The answer is the full listing below, copied exactly, with its pictures omitted.

Data segment:

_ _ _ _ _ _ _

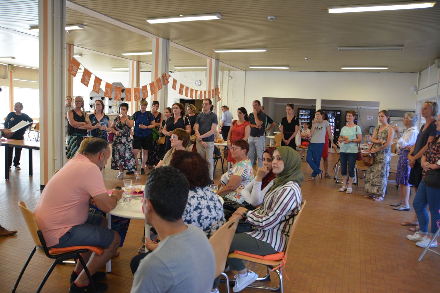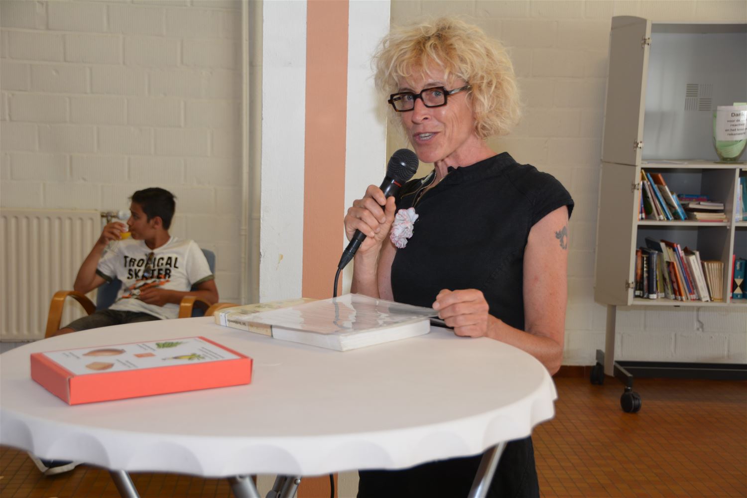 In de ontmoetingsruimte van het Centrum voor Basiseducatie (LiMiNo) hield Het Berenhuis donderdagavond een zomers netwerkevent waar het eindproduct van twee jaar Letterbuffetten werd voorgesteld. Daar waren partnerorganisaties, gemeentediensten en gastlocaties van de Letterbuffetten vertegenwoordigd. Burgemeester Mario Borremans had lof voor de vele inspanningen die Het Berenhuis en zijn projecten leveren om de Nederlandse taal in onze gemeente te stimuleren. Heleen Aerts van het Agentschap Integratie en Inburgering – vanwaar een belangrijke steun komt – had haar toespraak toepasselijk in alfabetvorm gegoten en liet daaruit rijkelijk haar enthousiasme tevoorschijn komen. Gerlinde Gilissen van Het Berenhuis tenslotte dankte de velen die het letterbuffet gastvrij hadden ontvangen en er volop aan hadden meegewerkt. Het project is ondertussen tot ver buiten Heusden-Zolder gekend. Ter afronding van deze twee jaar heeft Het Berenhuis een soort brooddoos gemaakt met daarin de recepten en wegwijzers voor een geslaagd Letterbuffet.
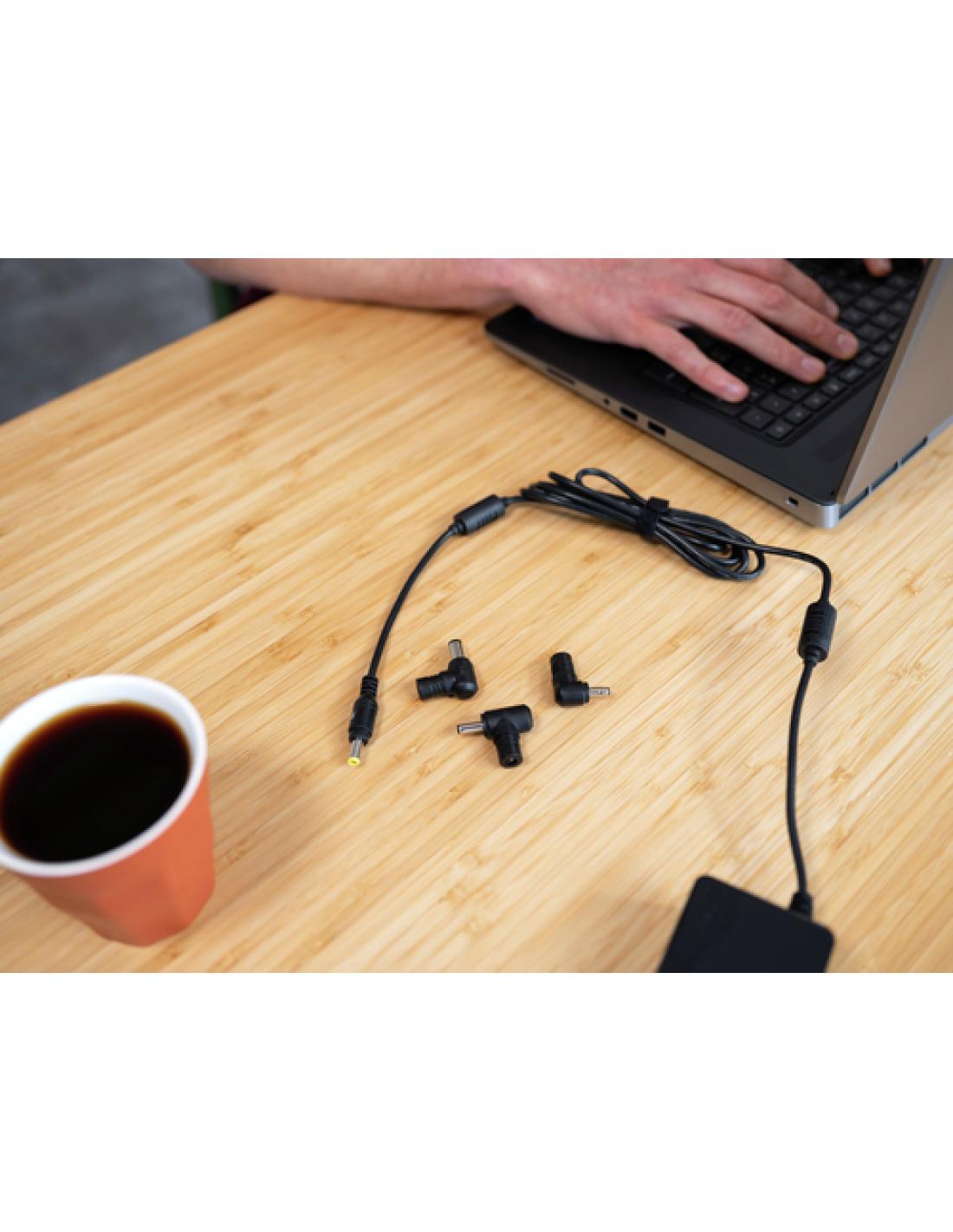 Compañero de viajeEl diseño compacto y fiable del cargador lo hace perfecto para llevar consigo, independientemente de adonde vaya. Funciona con voltajes de tomas de corriente de pared en todo el mundo, lo que significa que se puede cargar el portátil con el cargador Primo en cualquier lugar.
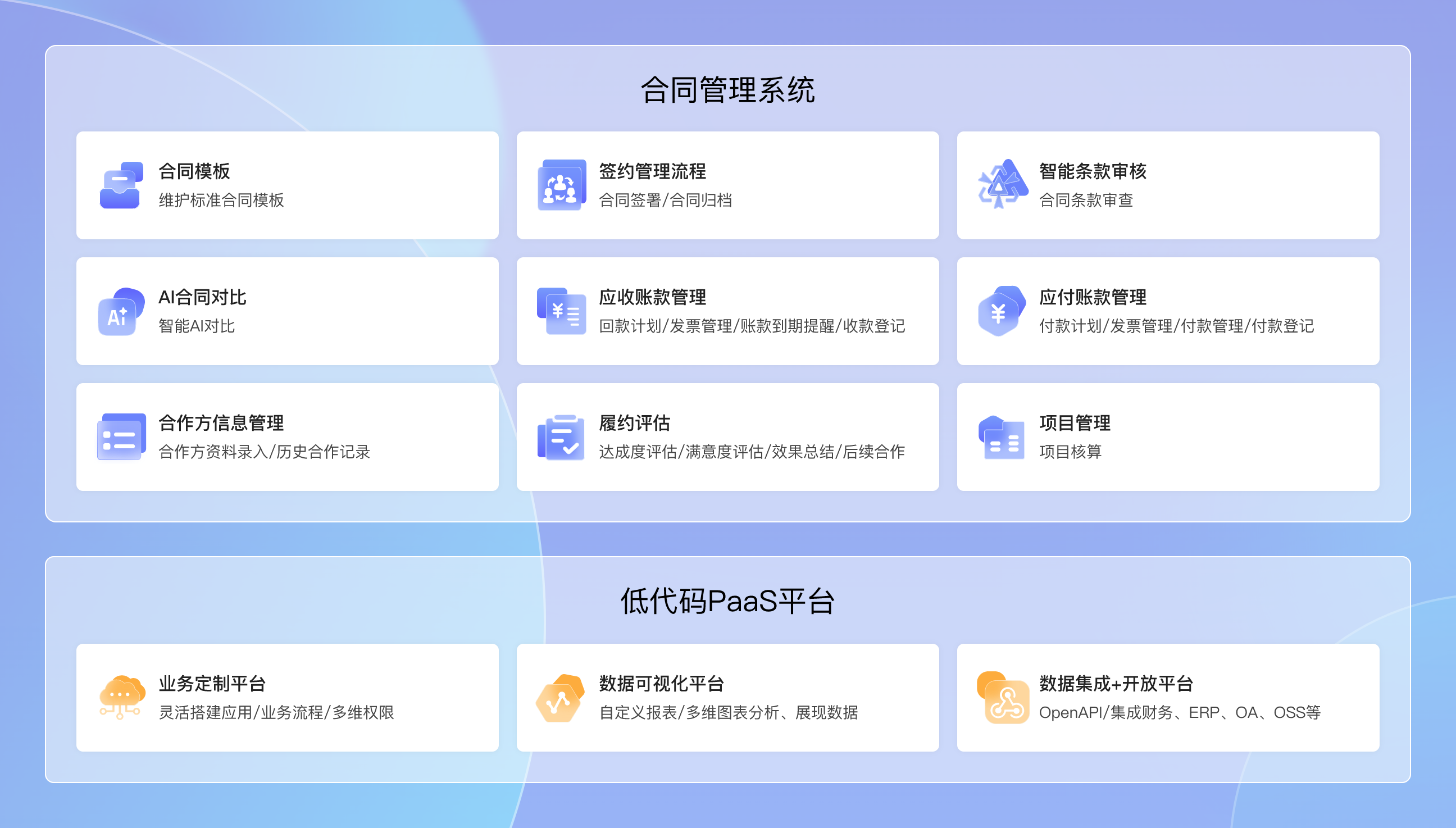 - 全流程覆盖:从起草到归档,合同管理环节无缝衔接

_ _ _ _ _ _ _

Output for this exercise:
 In de ontmoetingsruimte van het Centrum voor Basiseducatie (LiMiNo) hield Het Berenhuis donderdagavond een zomers netwerkevent waar het eindproduct van twee jaar Letterbuffetten werd voorgesteld. Daar waren partnerorganisaties, gemeentediensten en gastlocaties van de Letterbuffetten vertegenwoordigd. Burgemeester Mario Borremans had lof voor de vele inspanningen die Het Berenhuis en zijn projecten leveren om de Nederlandse taal in onze gemeente te stimuleren. Heleen Aerts van het Agentschap Integratie en Inburgering – vanwaar een belangrijke steun komt – had haar toespraak toepasselijk in alfabetvorm gegoten en liet daaruit rijkelijk haar enthousiasme tevoorschijn komen. Gerlinde Gilissen van Het Berenhuis tenslotte dankte de velen die het letterbuffet gastvrij hadden ontvangen en er volop aan hadden meegewerkt. Het project is ondertussen tot ver buiten Heusden-Zolder gekend. Ter afronding van deze twee jaar heeft Het Berenhuis een soort brooddoos gemaakt met daarin de recepten en wegwijzers voor een geslaagd Letterbuffet.
 Compañero de viajeEl diseño compacto y fiable del cargador lo hace perfecto para llevar consigo, independientemente de adonde vaya. Funciona con voltajes de tomas de corriente de pared en todo el mundo, lo que significa que se puede cargar el portátil con el cargador Primo en cualquier lugar.
 - 全流程覆盖:从起草到归档,合同管理环节无缝衔接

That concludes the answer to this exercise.